Andrew Daviel (andrew@andrew.triumf.ca)
Tue, 24 Oct 1995 02:48:19 -0700 (PDT)


Let's see if I can reply to everyone without getting in a tangle ... :)=

>>I'm trying to build a database of URLs for business...
>I can't quite contain the urge to say, "Isn't everyone?"
Know any good ones? Nothing jumped out at me from CUSI, or Submit-It, etc.

>I have seen few .. business sites that don't offer text-only versions
I seem to keep seeing sites that say "Works best with Netscape 1.2 - get
it!"

>Could we start .. standard way to set forth the name of the site?
Having it in the <title> of the document root is quite common, but you get
"BloggCo Home Page", "Welcome to BloggCo", and sometimes
"Welcome to B L O G G C O". I've tried looking for non-dictionary words
with some success.

>>/linecard.txt - for commercial sites, a text file with comma-delimited
>> line items (brands) manufactured or stocked

>This will drown in details.
>Yup.
This was a suggestion from a professional buyer. Sure, collecting these
for the whole world would get out of control, but with a small enough
scope it might be manageable. The buyers look up brand names in a huge
12-volume book to find distributors or manufacturers.
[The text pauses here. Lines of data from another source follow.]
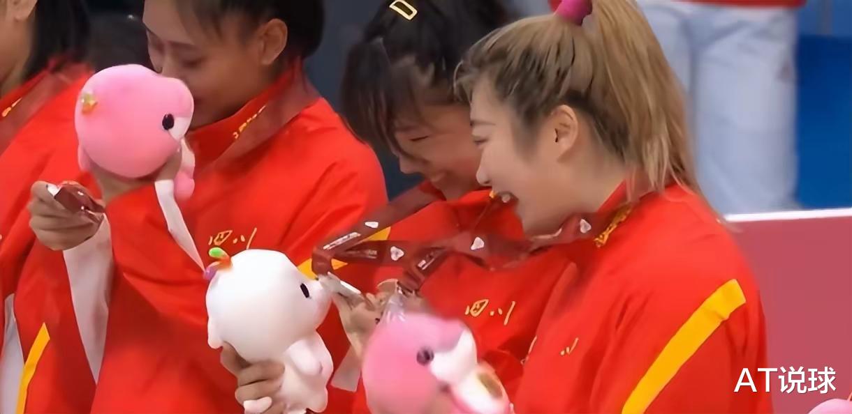 也有几位球员展现出了不满的神态,比如像王思雨吐着舌头摇头,高颂脸上有些不甘心。可大多数球员还是举着手笑着登上领奖台,韩旭和刘禹彤拿着玩偶碰撞逗乐,周围的人也被这搞怪开的画面逗笑。李梦同样拿着银牌和玩偶与队友分享,笑得也非常开心,她们还一块对着镜头展现自己的玩偶和金牌,没有被失利的阴霾所干扰。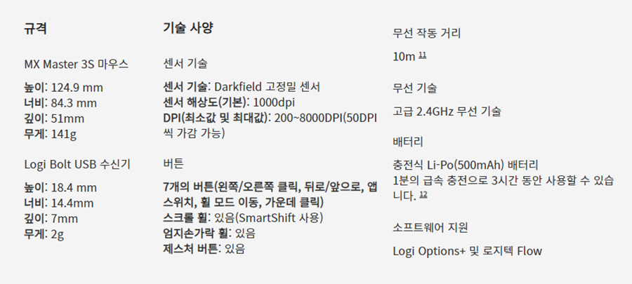 서두에 설명드린 무소음 스위치와 최대 8,000 dpi 지원 등 일부 스펙만 차이가 있으며 기본적인 스펙과 성능은 이전 모델인 MX Master 3와 비슷하니 참고하시기 바랍니다.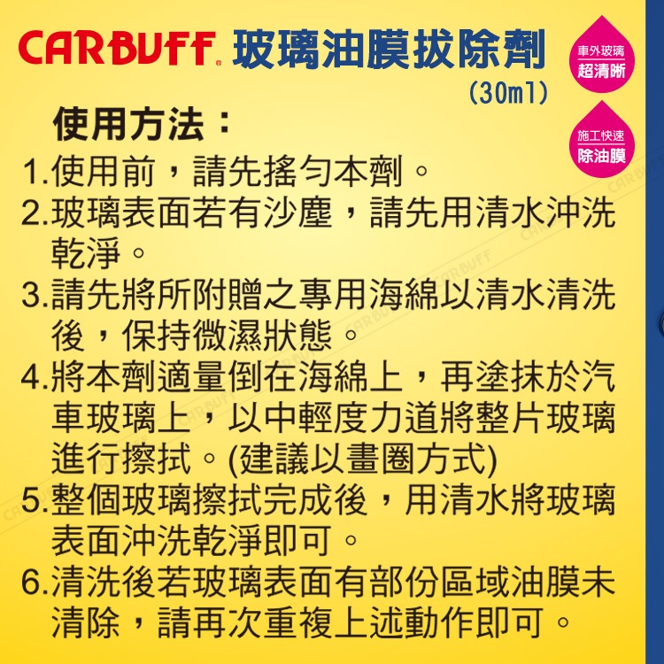 CARBUFF 玻璃油膜拔除劑 30ml 《贈送專用海綿》MH-8902 玻璃除油膜 玻璃清潔CARBUFF 玻璃油膜拔除劑 30ml 《贈送專用海綿》MH-8902 玻璃除油膜 玻璃清潔Glass Care & Water RepellentsCARBUFF 車痴汽車用品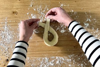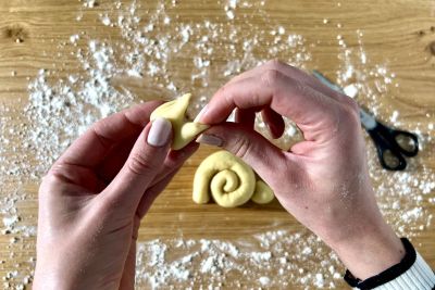 - The remaining main strand is rolled up into a spiral on the baking tray lined with baking paper from the inside out, like a cinnamon bun.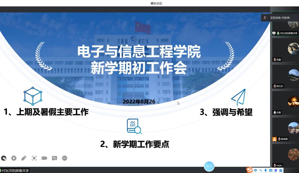 8月26日下午,电子与信息工程学院线上召开新学期全体教职工大会。学院党政领导及全体教职工参加会议。会议由学院党委书记宋雅主持。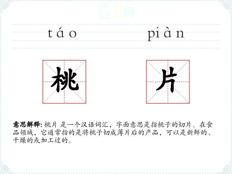桃片 这个词由“桃”和“片”两个字组成。桃在*文化中有着悠久的历史,象征着长寿和繁荣。片字则表示片或片段,组合起来即指桃子的切片。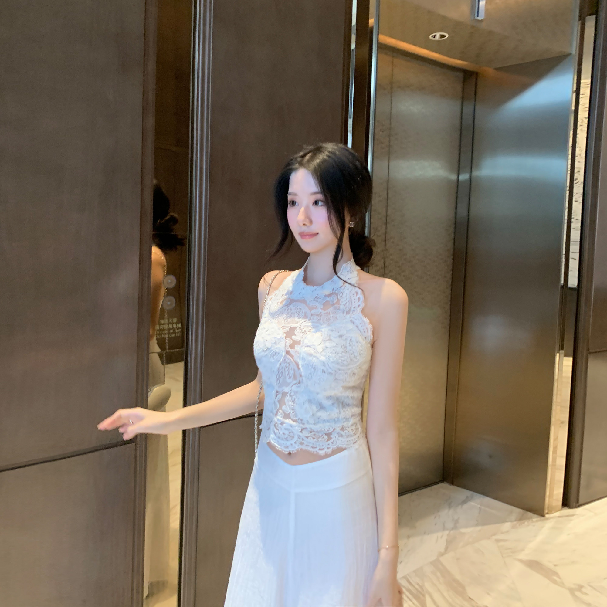 Middletone 高级感重工蕾丝挂脖吊带背心露背心机上衣 香肩lace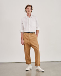Relaxed fit Oxford shirt. Centerfront buttons and placket. Cuff and sleeve front plackets. Singular patch pocket. Structured collar emphasized by removable collar stays. Made in USA SIZE & FIT SIZE M: 29 3/4" front body length, 19" shoulder width, 47" chest circumference, 35" sleeve length from CB neck. COMPOSITION & CARE 100% COTTON / Imported. DRY CLEAN ONLY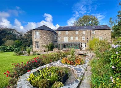 The Mill House is a fully modernised, 500 year old converted Mill in a secluded spot. The property is set in 50 acres of woodland, farmland, lawn and the Fairy Glen with a salmon river.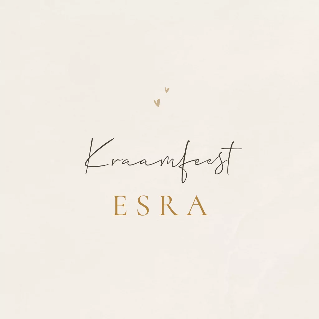 Een lieve kraamborrel uitnodiging met zachte kleuren en hartjes. De uitnodiging is te personaliseren in onze online editor.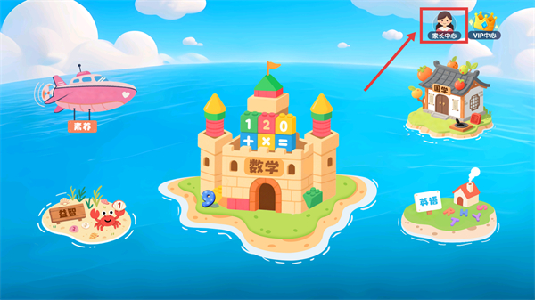 1、進入【貝樂虎數學】主界面后,可點擊【家長中心】。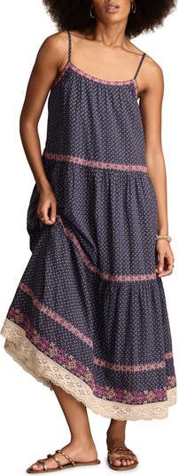 Whimsical and wearable, this tiered cotton sundress features embroidery, a soft print and lace trim that add just the right amount of vintage-inspired flair to your everyday lineup.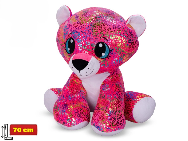 Uroczy pluszowy lampart z tęczowym ubarwieniem i błyszczącymi detalami na uszach i łapkach podbije serca dzieci od pierwszego wejrzenia. Przy wysokości 70 cm w pozycji siedzącej jest idealny do przytulania i jako dekoracja pokoju dziecięcego. Miękki, wysokiej jakości plusz zapewnia maksymalny komfort i bezpieczną zabawę dla dzieci od 3 lat.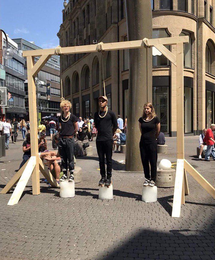This is an artistic installation to attract attention, make people think and get a point across. They are not literally hanging themself or putting them self in real danger (apart from slipping maybe).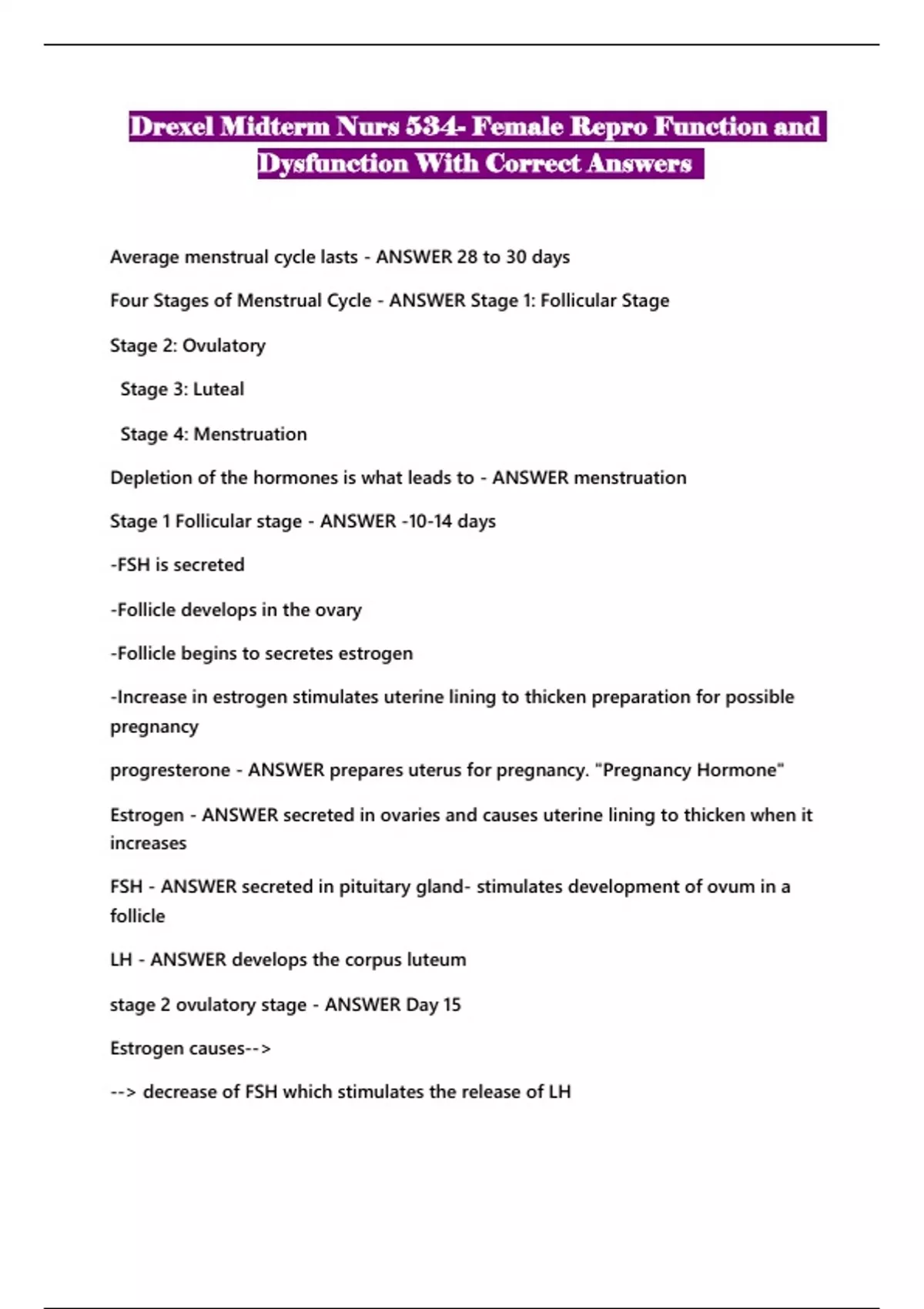 Drexel Midterm Nurs 534- Female Repro Function and Dysfunction With Correct Answers...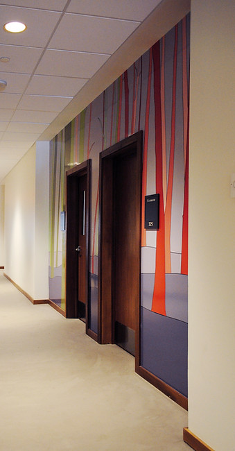 One of the main design features was a custom 'bench' in the student lounge, that stretches the entire length of the room, entwining multiple functions within one piece of furniture (a reception desk, reading nooks, work desks, and large seating areas for students to gather). Other design features consist of colorful 'forests' located at the entry of every classroom; prayer flag colors and symbols, as reminders that health and harmony are produced through the balance of doing good work within the community; photographs taken by students & staff members, depicting the various missions the school has undertaken to serve local neighborhoods and diverse communities abroad.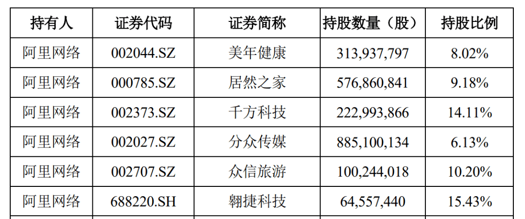 根据公告披露,目前阿里网络在A、H股还有约9家上市公司持股比例超过5%,包括美年健康(持股8.02%)、居然之家(持股9.18%)、千方科技(持股14.11%)、分众传媒(持股6.13%)、众信旅游(持股10.20%)、翱捷科技(持股15.43%)、联华超市(持股18%)、洪九果品(持股7.67%)、汇通达网络(持股17.26%)。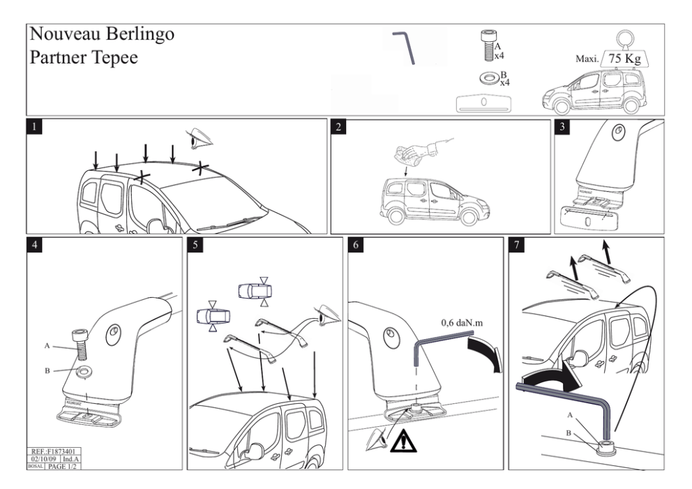 Nouveau Berlingo Partner Tepee A x4 608 101 &%56%24 : )D ELA0LAINEDELgAIN 3!).465,"!3 .²VERT B x4 VERTAVANT VERDEADELANTE ZIELONYPRZOD !6!.4$2/)4 !.4%2)/2%$%342! 02 /$02!7!342/.! !6!.4'!5#(% !.4%2)/2%3).)342! 02 /$,%7!342/.! !22)%2%$2/)4 0/34%2)/2%$%342! 49,02!7!342/.! 1 !22)%2%'!5#(% 0/34%2)/2%3).)342! 49,,%7!342/.! Maxi. BLEUARRI RE AZULATRAS NIEBIESKI TYL ERT &EUV ERT &EUV 3 2 8 4 5 6 7 0,6 daN.m A B 8 8 A B REF.:F1873401 Réf.:F1883401 02/10/09 02/10/09ind.A Ind.A 1/21/2 BOSAL PAGE BOSAL PAGE 75 Kg Français Sécurité - Prière de bien lire l’instruction de montage avant de commencer. - Veuillez vérifier que tous les articles sont inclus dans la boite. - Suivez l’ordre de numérotation 1,2,3 etc… - Ces barres de toit ne conviennent qu’au véhicule spécifié au recto de cette notice. - Fixer de façon sûre et correcte la charge. - Il est recommandé d’utiliser les accessoires adaptés au transport de la charge considérée (porte-vélo, porte-ski, etc…) - Faire attention à ne pas abîmer les barres de toit (chocs, etc…) et de veiller à un bon entretien des barres. - Nettoyer et sécher les surfaces en contact avec le véhicule avant montage. - Ces barres ont été conçues pour être placées à un endroit précis du véhicule. - La fixation sur le véhicule n’est plus garantie si le positionnement est différent de celui indiqué sur cette notice. - Les dispositifs de fixation doivent être serrés correctement et vérifiés régulièrement au cours des trajets. - L’arrimage des bagages avec des liens élastiques (sandow, tendeurs, etc...) est interdit; sangles conseillées. - Les pattes métalliques de fixation ont reçu un traitement spécial anti-agression de la peinture de votre véhicule ; ce traitement a fait l’objet de recherches approfondies. - N’intercaler aucune garniture supplémentaire (caoutchouc, plastique ou autre) entre la patte de fixation et la carrosserie, la bonne tenue des barres ne serait plus assurée. - Respecter la charge maximum admissible par le véhicule préconisée au recto. - La hauteur de la charge ne doit pas dépasser celle préconisée par le constructeur dans le manuel d’utilisation. - Planches à voile et charges longues: réduire la vitesse, 90 km/heure conseillé. - Pour économie d’énergie, les barres seront enlevées si elles ne sont pas utilisées. - Toute charge transportée sur le pavillon d’un véhicule affecte de manière sensible son comportement en particulier la sensibilité au vent latéral et le comportement en virage et au freinage. Il est conseillé de conduire avec plus de prudence (réduire la vitesse, tenir compte de l’augmentation des distances de freinage) - Important : Suivre correctement les instructions de montage et d’utilisation. Le non respect de cette notice d’utilisation dégage la responsabilité du constructeur. OK NO ESPAÑOL SEGURIDAD - Leer atentamente las instrucciones de montaje antes de comenzar. - Verificar que todos los artículos se encuentran en la caja. - Seguir el orden de numeración 1, 2, 3, etc. - Estas barras de techo sólo sirven para el vehículo especificado en el anverso de estas instrucciones. - Fijar la carga adecuadamente y de forma segura. - Se recomienda utilizar accesorios adaptados al transporte de la carga en cuestión (portabicicletas, portaesquís, etc.) - Prestar atención para no deteriorar las barras de techo (golpes, etc.) y realizar correctamente su mantenimiento. - Antes del montaje, limpiar y secar las superficies en contacto con el vehículo. - Estas barras han sido diseñadas para ser montadas en un lugar preciso del vehículo. - La fijación en el vehículo no está garantizada si la posición es diferente de la indicada en estas instrucciones. - Es imprescindible apretar correctamente los dispositivos de fijación y comprobarlos periódicamente durante el trayecto. - Se prohíbe sujetar el equipaje con elásticos (pulpos, tensores, etc.); se aconseja utilizar correas. - Las patillas metálicas de fijación han recibido un tratamiento especial antiagresión de la pintura de su vehículo; este tratamiento ha sido objeto de minuciosas investigaciones. - No intercalar ninguna guarnición suplementaria (caucho, plástico u otros) entre la patilla de fijación y la carrocería ya que, de lo contrario, no se garantizaría la correcta sujeción de las barras. - Respecte la carga máxima admitida por el vehículo que se indica en el anverso. - La altura de la carga no debe sobrepasar la recomendada por el fabricante en el manual de utilización. - Tablas de vela y cargas largas: reducir la velocidad; se recomienda circular a 90 km/h. - Para ahorrar energía, desmontar las barras si no se utilizan. - Todas las cargas que se transporten en el techo de un vehículo afectan de manera importante en su comportamiento, en especial en la sensibilidad al viento lateral y en el comportamiento en los giros y en la frenada. Se aconseja conducir con mayor prudencia (reducir la velocidad y tener en cuenta el aumento de la distancia para frenar) - Importante: Seguir correctamente las instrucciones de montaje y utilización. El incumplimiento de estas instrucciones de utilización exime de responsabilidad al Fabricante. POLSKI BEZPIECZEŃSTWO - Przed przystąpieniem do pracy należy dokładnie przeczytać instrukcję montażu. - Prosimy o sprawdzenie, czy wszystkie elementy znajdują się w opakowaniu. - Należy sprawdzić je zgodnie z kolejnymi numerami 1, 2, 3 itd. - Listwy dachowe przeznaczone są jedynie do samochodów wymienionych na odwrocie niniejszej instrukcji. - Należy zawsze zamocować ładunek w sposób prawidłowy i pewny. - Zalecane jest korzystanie z akcesoriów odpowiednich dla przewożonego ładunku (bagażnik na rowery, bagażnik na narty itd.). - Należy uważać, aby nie uszkodzić listew dachowych (poprzez uderzenie itd.) oraz zwracać uwagę na ich prawidłowe utrzymanie i konserwację. - Przed przystąpieniem do montażu należy wyczyś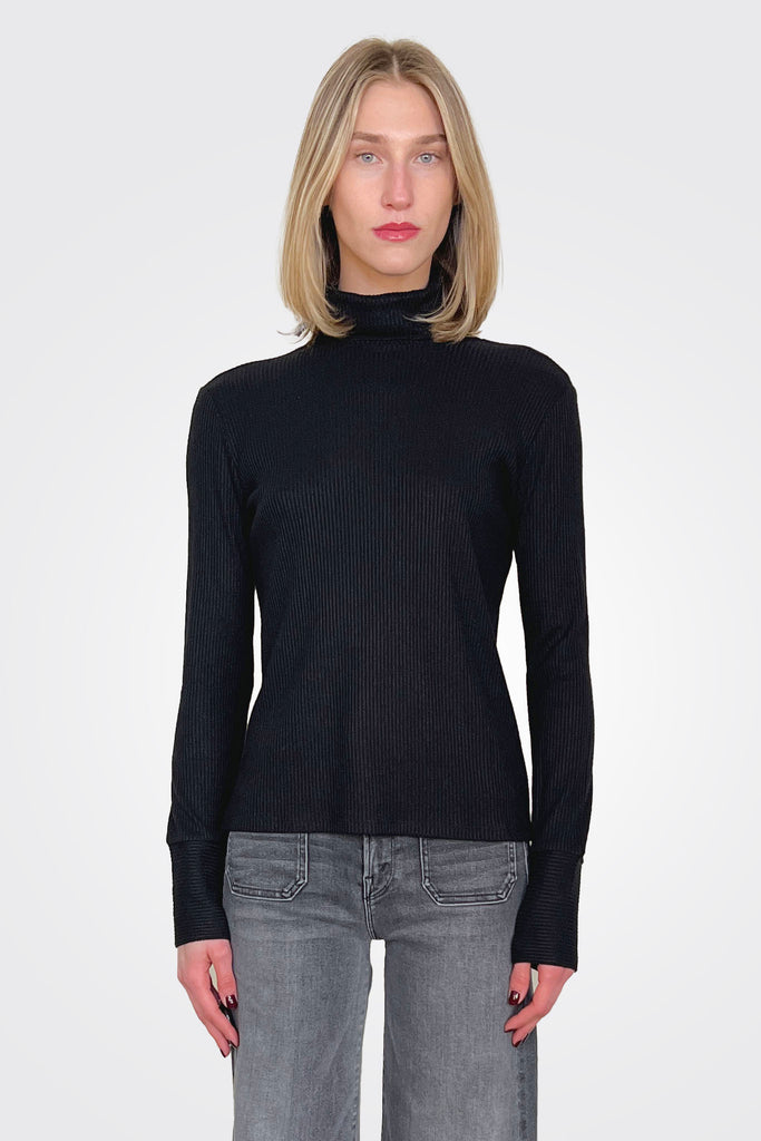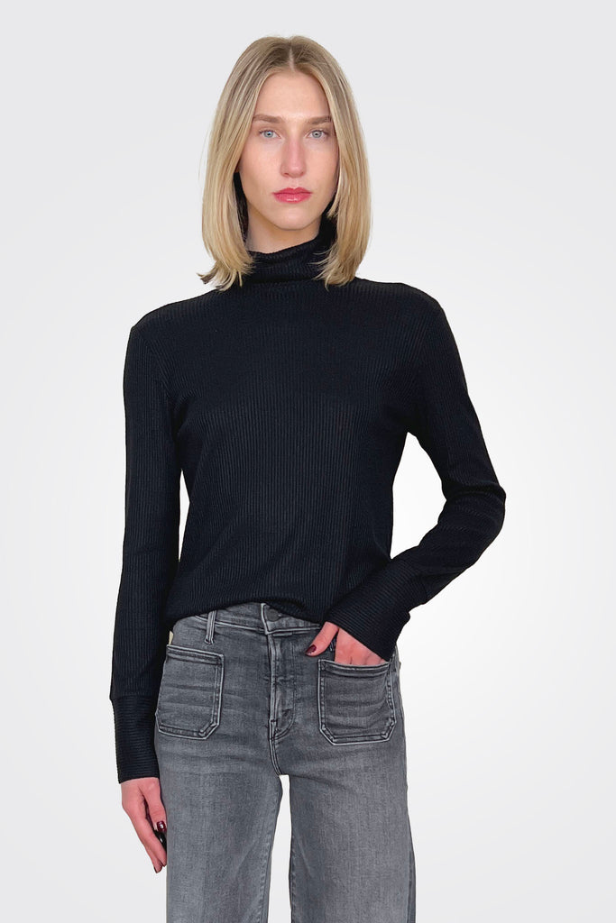 A stretchy ribbed knit contributes to the slim-but-not-snug fit of this turtleneck top that layers easily or stars just as well solo in your polished look.

Finding who stocks
Motorcraft in Tipperary can't produce that many records.

>Well, I hate to repeat myself, but ALIWEB's /site.idx will give you ..

Didn't know about it. Looks like what I was thinking of. I see it has
keywords ( >..Disagree greatly. This opens a giant can ... )

> >/robots.htm - an HTML list of links
> Why HTML?

A simplistic idea. I figured that if existing robots are written to
traverse HTML, then giving them an HTML file to start from would be
fairly easy.

Re. site.idx, is this a fairly open-ended list of fields? I had in mind some
fields relevant to larger businesses, like Sales-Email, Info-Email,
Tech-Email, Sales-FaxBack, etc. etc. for voice, fax, email where some places
may have separate hotlines for hardware, software, licenses, etc. How to
handle this for big concerns that have one website and hundreds of regional
offices is another problem.

I find the Lat/Long format in IAFA a bit strange; I use the "standard"
navigational format from navigation books, GPS and Loran, etc. eg. 49D14.7N
123D13.6W, except that as there isn't a degree symbol in ASCII I've used "D",
which makes it similar to the NMEA0182 format. The current NMEA0183 standard
for navigation equipment would use something like:
$LCGLL,4001.74,N,07409.43,W for 40 degrees 1.74 minutes North, 74 degrees
9.43 minutes West. Anyway, it's just bits and easy enough to convert.

>How are you going to get a system administrator to implement all these
>files?

Well, one might assume that a good many HTML authors and Webmasters read
comp.infosystems.author.html, or whatever it's called. Or one could
just send them all mail ... 50,000 returned mail messages wouldn't make
too much of a dent in my disk ... :)=

>I'd propose it be implemented into the HTTP protocol ..
I'd think it might take a while for everyone to update their
servers - say, at least 2 years...

Andrew Daviel email: advax@triumf.ca